Prioritize search merchandising improvements by revenue impact
Every anomaly report ranks affected queries by estimated revenue at risk — calculated from session volume, expected conversion rate, and average order value. This gives merchandising teams a data-backed priority list for search optimization.

FAQs

How are search pages detected?
Search pages are identified through URL patterns — paths containing /search, and URL parameters like ?q=, ?query=, ?keyword=, or ?search=. This works automatically across most ecommerce platforms without additional configuration.
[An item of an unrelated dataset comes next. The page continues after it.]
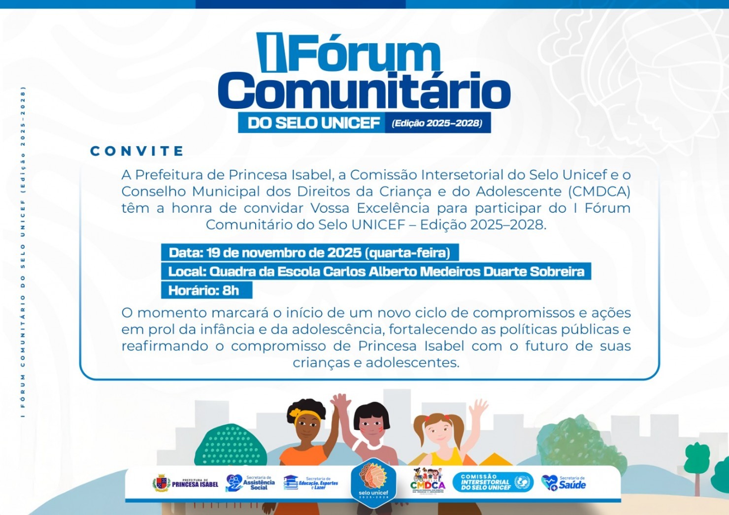 A Prefeitura de Princesa, por meio da Comissão Intersetorial do Selo Unicef e do CMDCA, realiza na próxima quarta-feira, 19 de novembro, o I Fórum Comunitário do Selo Unicef – Edição 2025–2028.

What baseline is used for anomaly detection?
Each search metric is compared against a rolling 7-day average with a 2-standard-deviation threshold, the same statistical model used for all behavioral anomalies. This adapts to your site's normal patterns rather than using fixed thresholds.

Do non-product searches (like "returns" or "size chart") trigger false positives?
The system accounts for this. Non-product searches with naturally low click-through rates are flagged as content gap opportunities rather than search quality issues in the report's recommended actions.

Can I see session recordings for search anomalies?
Yes. Every search anomaly report links to session recordings showing the actual user behavior — a shopper scanning search results and leaving, clicking a result and bouncing from the PDP, or looping through multiple searches in frustration.

Does this work with AJAX-based search that doesn't change the URL?
The current version relies on URL-based search detection. A pixel enhancement for AJAX search handling and zero-result detection is planned for a future release.